From the first line of the records down to the one that holds "2025新作の靴下の女性の赤", transcribe each line exactly and add nothing.

──────── DATASET CONTENT ────────

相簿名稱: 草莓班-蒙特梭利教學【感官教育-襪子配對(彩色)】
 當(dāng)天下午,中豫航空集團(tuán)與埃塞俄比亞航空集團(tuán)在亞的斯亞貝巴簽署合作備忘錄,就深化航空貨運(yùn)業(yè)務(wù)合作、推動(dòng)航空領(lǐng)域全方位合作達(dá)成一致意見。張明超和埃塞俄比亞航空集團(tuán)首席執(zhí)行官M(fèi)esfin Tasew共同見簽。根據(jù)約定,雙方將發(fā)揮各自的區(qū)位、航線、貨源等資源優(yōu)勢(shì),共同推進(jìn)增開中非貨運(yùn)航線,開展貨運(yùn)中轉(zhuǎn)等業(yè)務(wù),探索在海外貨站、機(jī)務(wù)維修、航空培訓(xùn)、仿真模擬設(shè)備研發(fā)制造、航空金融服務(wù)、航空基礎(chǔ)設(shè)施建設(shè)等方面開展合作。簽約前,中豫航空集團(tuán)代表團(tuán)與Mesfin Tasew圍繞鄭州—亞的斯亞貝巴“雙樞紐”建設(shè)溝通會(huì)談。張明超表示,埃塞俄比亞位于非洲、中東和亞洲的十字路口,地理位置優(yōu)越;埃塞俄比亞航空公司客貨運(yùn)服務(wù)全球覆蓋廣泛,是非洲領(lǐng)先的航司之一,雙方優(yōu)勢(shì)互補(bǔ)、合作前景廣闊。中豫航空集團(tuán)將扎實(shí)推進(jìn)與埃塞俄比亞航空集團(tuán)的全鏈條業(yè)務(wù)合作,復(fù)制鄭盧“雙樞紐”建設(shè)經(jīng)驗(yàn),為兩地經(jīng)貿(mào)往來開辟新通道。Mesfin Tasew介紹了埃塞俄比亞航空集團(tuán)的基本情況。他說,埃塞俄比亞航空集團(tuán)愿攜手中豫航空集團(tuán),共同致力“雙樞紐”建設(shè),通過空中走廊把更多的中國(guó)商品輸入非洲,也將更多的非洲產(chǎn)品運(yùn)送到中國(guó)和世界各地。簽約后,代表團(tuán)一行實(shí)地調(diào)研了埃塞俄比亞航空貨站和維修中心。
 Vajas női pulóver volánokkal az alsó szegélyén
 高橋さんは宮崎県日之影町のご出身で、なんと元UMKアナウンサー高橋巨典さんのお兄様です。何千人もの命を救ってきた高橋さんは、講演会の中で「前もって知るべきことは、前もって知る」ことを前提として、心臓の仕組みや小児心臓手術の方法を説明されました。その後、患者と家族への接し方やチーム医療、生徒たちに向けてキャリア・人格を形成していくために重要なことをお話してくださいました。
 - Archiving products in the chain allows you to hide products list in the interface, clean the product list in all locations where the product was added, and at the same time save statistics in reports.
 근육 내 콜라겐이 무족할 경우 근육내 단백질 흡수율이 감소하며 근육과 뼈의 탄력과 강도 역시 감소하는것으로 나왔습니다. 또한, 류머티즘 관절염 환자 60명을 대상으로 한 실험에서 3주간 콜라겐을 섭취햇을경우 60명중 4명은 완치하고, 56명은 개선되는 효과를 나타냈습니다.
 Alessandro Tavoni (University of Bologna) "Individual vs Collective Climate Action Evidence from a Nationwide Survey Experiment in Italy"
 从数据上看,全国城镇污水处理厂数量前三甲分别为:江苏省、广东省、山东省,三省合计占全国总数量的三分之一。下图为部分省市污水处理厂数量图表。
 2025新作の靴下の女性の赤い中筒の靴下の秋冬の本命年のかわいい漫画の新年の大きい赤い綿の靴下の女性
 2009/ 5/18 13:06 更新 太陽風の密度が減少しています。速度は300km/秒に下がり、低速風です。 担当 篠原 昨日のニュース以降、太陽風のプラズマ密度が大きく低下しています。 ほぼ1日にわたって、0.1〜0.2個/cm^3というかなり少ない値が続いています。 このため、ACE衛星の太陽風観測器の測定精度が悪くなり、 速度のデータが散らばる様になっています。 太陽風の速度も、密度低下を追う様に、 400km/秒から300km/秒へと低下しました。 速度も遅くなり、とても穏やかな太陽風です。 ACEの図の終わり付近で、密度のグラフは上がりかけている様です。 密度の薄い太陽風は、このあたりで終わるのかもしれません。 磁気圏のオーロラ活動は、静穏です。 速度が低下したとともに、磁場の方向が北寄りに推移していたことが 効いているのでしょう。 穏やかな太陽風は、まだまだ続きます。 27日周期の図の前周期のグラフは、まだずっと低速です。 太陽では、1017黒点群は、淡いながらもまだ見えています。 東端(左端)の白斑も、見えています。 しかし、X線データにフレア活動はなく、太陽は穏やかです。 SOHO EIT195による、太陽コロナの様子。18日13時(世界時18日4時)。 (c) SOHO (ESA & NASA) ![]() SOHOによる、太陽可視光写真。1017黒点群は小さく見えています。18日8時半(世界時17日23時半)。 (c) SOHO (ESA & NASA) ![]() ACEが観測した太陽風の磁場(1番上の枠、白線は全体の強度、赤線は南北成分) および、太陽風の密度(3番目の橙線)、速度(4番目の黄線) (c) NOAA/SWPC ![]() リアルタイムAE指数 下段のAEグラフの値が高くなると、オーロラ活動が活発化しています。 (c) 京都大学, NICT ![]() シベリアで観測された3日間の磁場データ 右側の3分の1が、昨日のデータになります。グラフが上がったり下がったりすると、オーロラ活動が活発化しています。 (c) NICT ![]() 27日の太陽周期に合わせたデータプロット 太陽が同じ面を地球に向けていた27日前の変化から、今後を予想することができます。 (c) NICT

────────

WRITTEN REPLY »
相簿名稱: 草莓班-蒙特梭利教學【感官教育-襪子配對(彩色)】
 當(dāng)天下午,中豫航空集團(tuán)與埃塞俄比亞航空集團(tuán)在亞的斯亞貝巴簽署合作備忘錄,就深化航空貨運(yùn)業(yè)務(wù)合作、推動(dòng)航空領(lǐng)域全方位合作達(dá)成一致意見。張明超和埃塞俄比亞航空集團(tuán)首席執(zhí)行官M(fèi)esfin Tasew共同見簽。根據(jù)約定,雙方將發(fā)揮各自的區(qū)位、航線、貨源等資源優(yōu)勢(shì),共同推進(jìn)增開中非貨運(yùn)航線,開展貨運(yùn)中轉(zhuǎn)等業(yè)務(wù),探索在海外貨站、機(jī)務(wù)維修、航空培訓(xùn)、仿真模擬設(shè)備研發(fā)制造、航空金融服務(wù)、航空基礎(chǔ)設(shè)施建設(shè)等方面開展合作。簽約前,中豫航空集團(tuán)代表團(tuán)與Mesfin Tasew圍繞鄭州—亞的斯亞貝巴“雙樞紐”建設(shè)溝通會(huì)談。張明超表示,埃塞俄比亞位于非洲、中東和亞洲的十字路口,地理位置優(yōu)越;埃塞俄比亞航空公司客貨運(yùn)服務(wù)全球覆蓋廣泛,是非洲領(lǐng)先的航司之一,雙方優(yōu)勢(shì)互補(bǔ)、合作前景廣闊。中豫航空集團(tuán)將扎實(shí)推進(jìn)與埃塞俄比亞航空集團(tuán)的全鏈條業(yè)務(wù)合作,復(fù)制鄭盧“雙樞紐”建設(shè)經(jīng)驗(yàn),為兩地經(jīng)貿(mào)往來開辟新通道。Mesfin Tasew介紹了埃塞俄比亞航空集團(tuán)的基本情況。他說,埃塞俄比亞航空集團(tuán)愿攜手中豫航空集團(tuán),共同致力“雙樞紐”建設(shè),通過空中走廊把更多的中國(guó)商品輸入非洲,也將更多的非洲產(chǎn)品運(yùn)送到中國(guó)和世界各地。簽約后,代表團(tuán)一行實(shí)地調(diào)研了埃塞俄比亞航空貨站和維修中心。
 Vajas női pulóver volánokkal az alsó szegélyén
 高橋さんは宮崎県日之影町のご出身で、なんと元UMKアナウンサー高橋巨典さんのお兄様です。何千人もの命を救ってきた高橋さんは、講演会の中で「前もって知るべきことは、前もって知る」ことを前提として、心臓の仕組みや小児心臓手術の方法を説明されました。その後、患者と家族への接し方やチーム医療、生徒たちに向けてキャリア・人格を形成していくために重要なことをお話してくださいました。
 - Archiving products in the chain allows you to hide products list in the interface, clean the product list in all locations where the product was added, and at the same time save statistics in reports.
 근육 내 콜라겐이 무족할 경우 근육내 단백질 흡수율이 감소하며 근육과 뼈의 탄력과 강도 역시 감소하는것으로 나왔습니다. 또한, 류머티즘 관절염 환자 60명을 대상으로 한 실험에서 3주간 콜라겐을 섭취햇을경우 60명중 4명은 완치하고, 56명은 개선되는 효과를 나타냈습니다.
 Alessandro Tavoni (University of Bologna) "Individual vs Collective Climate Action Evidence from a Nationwide Survey Experiment in Italy"
 从数据上看,全国城镇污水处理厂数量前三甲分别为:江苏省、广东省、山东省,三省合计占全国总数量的三分之一。下图为部分省市污水处理厂数量图表。
 2025新作の靴下の女性の赤い中筒の靴下の秋冬の本命年のかわいい漫画の新年の大きい赤い綿の靴下の女性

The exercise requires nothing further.